For all other feedback and complaints, please check individual journal’s ‘About’ pages for more information.

Complaints

Complaints about our processes or about publication ethics will in the first instance be handled by the Editor responsible for the journal. If the Editor is the subject of the complaint, please approach the editorial and publishing management team by email to editor@bbasr.org.  

For complaints about processes, such as time taken for review, the Editor will review and respond to the complainant's concerns. This feedback will be provided to relevant stakeholders to guide improvements to processes and procedures.
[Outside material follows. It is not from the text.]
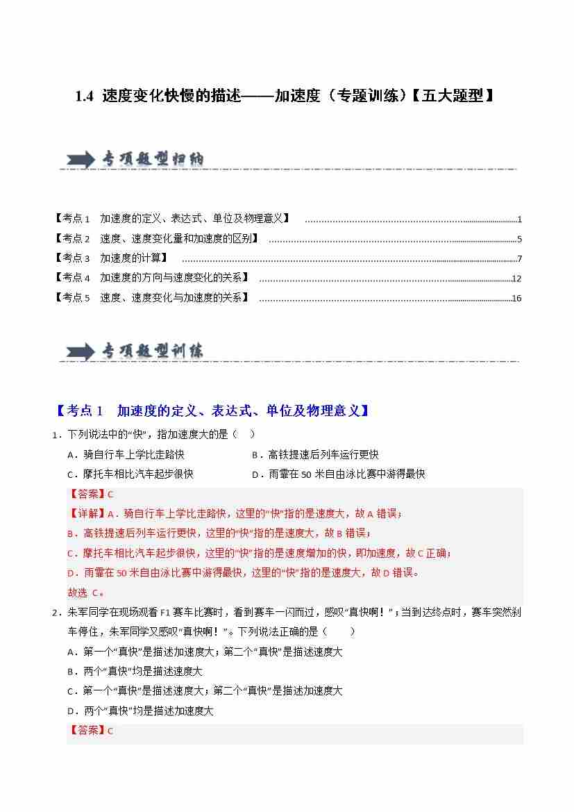 首页 > 全部 > 专题训练 > 1.4 速度变化快慢的描述——加速度(专题训练)(五大题型)(教师版)

For complaints about publication ethics or scientific content, the Editor will follow guidelines published by the Committee on Publication Ethics. The Editor may request advice from the Medeye Publishers Research Integrity Group on difficult or complicated cases. The Editor then decides on a course of action and provides feedback to the complainant. 

If the complainant remains dissatisfied with the handling of their complaint, it will be escalated to the journal's editorial and publishing management team for investigation. If no publishing contact is identified send the query to ethics.reporting@springernature.com 

Collections and Special Issues

All manuscripts submitted to BBASR Journal Collections or Special Issues are assessed according to the journal’s standard editorial criteria and are subject to all of the standard Editorial Policies, including the Competing Interests policy. The content of the submission will also be assessed to ensure it lies within the scope of the Collection or Special Issue.

All submissions that meet the journal’s criteria for peer review will undergo the journal’s standard peer review process. Please visit the journal’s website for information on the review process used. The peer review of any submissions for which the Editors of the Collection or Special Issue, have competing interests is handled by another Editor, who has no competing interests, to ensure the evaluation of these submissions is objective.